The first full-length nature-documentary films pioneering colour underwater cinematography were the Italian film Sesto Continente (The Sixth Continent) and the French film Le Monde du silence (The Silent World). Directed by Folco Quilici, Sesto Continente was shot in 1952 and first exhibited to Italian audiences in 1954. The Silent World, shot in 1954 and 1955 by Jacques Cousteau and Louis Malle, was first released in 1956. In 1959, Bernhard Grzimek created Serengeti darf nicht sterben (Serengeti Shall Not Die), one of the earliest nature documentaries with an environmental message.

=== Legacy ===
Wildlife films, both small-scale and massive productions, continue to be created after the popularization of television, though broad theatrical releases are uncommon. The International Wildlife Film Festival was founded in Missoula, Montana in 1978. Other nature-focused film festivals followed suit, including the Wildscreen Film Festival (1982–) in Bristol, England, and the Jackson Hole Wildlife Film Festival (1991–) in Jackson Hole, Wyoming.

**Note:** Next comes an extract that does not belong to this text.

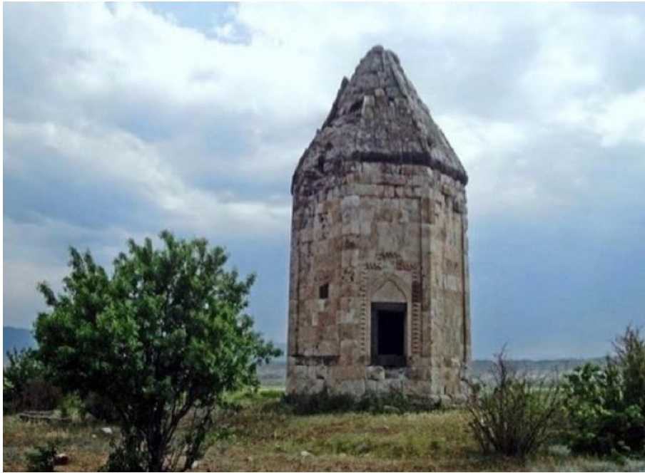
Zəngilan, Məmmədbəyli türbəsi

Nature documentaries can still become major successes in traditional cinema. For example, La Marche de l'empereur (March of the Penguins) became the highest-grossing documentary film at the time of its release in 2005. Inspired by the success of March of the Penguins, Disney returned to wildlife films with their Disneynature series (2008–present), programs which share many thematic similarities to the older True-Life Adventures. Large-screen film formats such as IMAX are well-suited for blue-chip nature documentaries, many of which are exclusive to theaters which can support formats at such a scale. Beyond March of the Penguins, many of the highest-grossing nature documentary films represent Disneynature or IMAX productions.

==Television history==

=== 1950s ===
Many early television-based nature programs were adapted directly from theatrical films and shorts. Heinz Sielmann's Zimmerleute des Waldes (Carpenters of the Forest) achieved widespread interest when broadcast as Woodpecker on the BBC in 1955. Likewise, Disney's True-Life Adventures were often re-edited for use in company shows such as Disneyland (1954–1959) on ABC and Walt Disney’s Wonderful World of Color (1961–1968) on NBC.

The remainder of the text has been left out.